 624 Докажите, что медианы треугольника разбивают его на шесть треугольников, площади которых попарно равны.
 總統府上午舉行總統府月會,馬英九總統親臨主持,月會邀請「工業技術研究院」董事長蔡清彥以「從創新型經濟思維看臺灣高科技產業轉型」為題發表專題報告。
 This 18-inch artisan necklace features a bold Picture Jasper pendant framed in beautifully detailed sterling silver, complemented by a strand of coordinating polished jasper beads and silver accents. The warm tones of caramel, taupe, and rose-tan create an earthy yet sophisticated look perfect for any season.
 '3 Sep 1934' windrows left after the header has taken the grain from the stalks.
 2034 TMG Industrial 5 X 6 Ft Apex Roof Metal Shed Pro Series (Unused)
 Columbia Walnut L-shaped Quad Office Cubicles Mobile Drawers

---

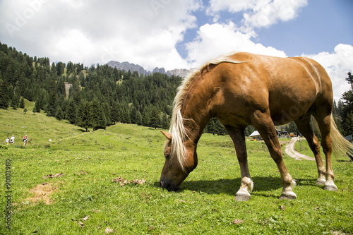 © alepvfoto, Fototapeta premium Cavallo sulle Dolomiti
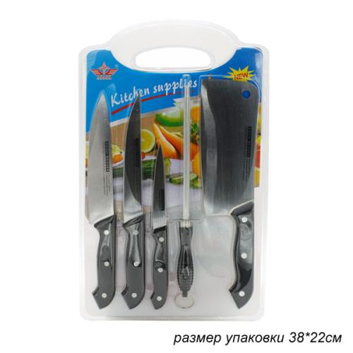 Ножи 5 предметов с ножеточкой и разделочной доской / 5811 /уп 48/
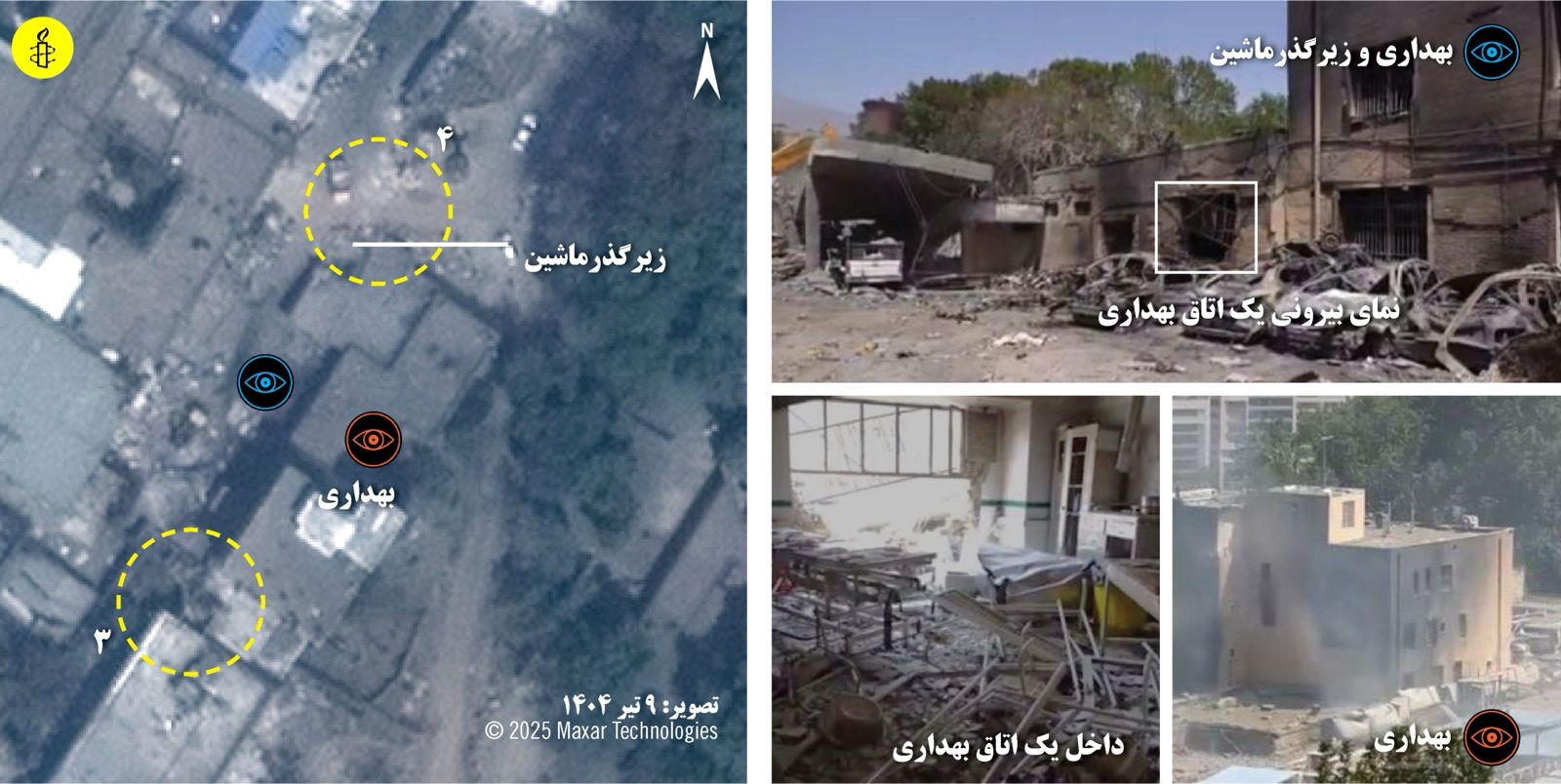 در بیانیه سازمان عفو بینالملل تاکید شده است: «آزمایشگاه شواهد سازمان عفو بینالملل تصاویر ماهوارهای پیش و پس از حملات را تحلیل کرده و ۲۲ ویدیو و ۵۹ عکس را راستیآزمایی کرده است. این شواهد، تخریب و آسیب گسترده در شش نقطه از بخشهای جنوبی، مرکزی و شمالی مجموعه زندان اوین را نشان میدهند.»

* [Exercise prompt]
Retype only this portion of the data above: the line containing "總統府上午舉行總統府月會,馬", the line containing "This 18-inch artisan", and all lines between them, exactly.

* [Answer for the task]
 總統府上午舉行總統府月會,馬英九總統親臨主持,月會邀請「工業技術研究院」董事長蔡清彥以「從創新型經濟思維看臺灣高科技產業轉型」為題發表專題報告。
 This 18-inch artisan necklace features a bold Picture Jasper pendant framed in beautifully detailed sterling silver, complemented by a strand of coordinating polished jasper beads and silver accents. The warm tones of caramel, taupe, and rose-tan create an earthy yet sophisticated look perfect for any season.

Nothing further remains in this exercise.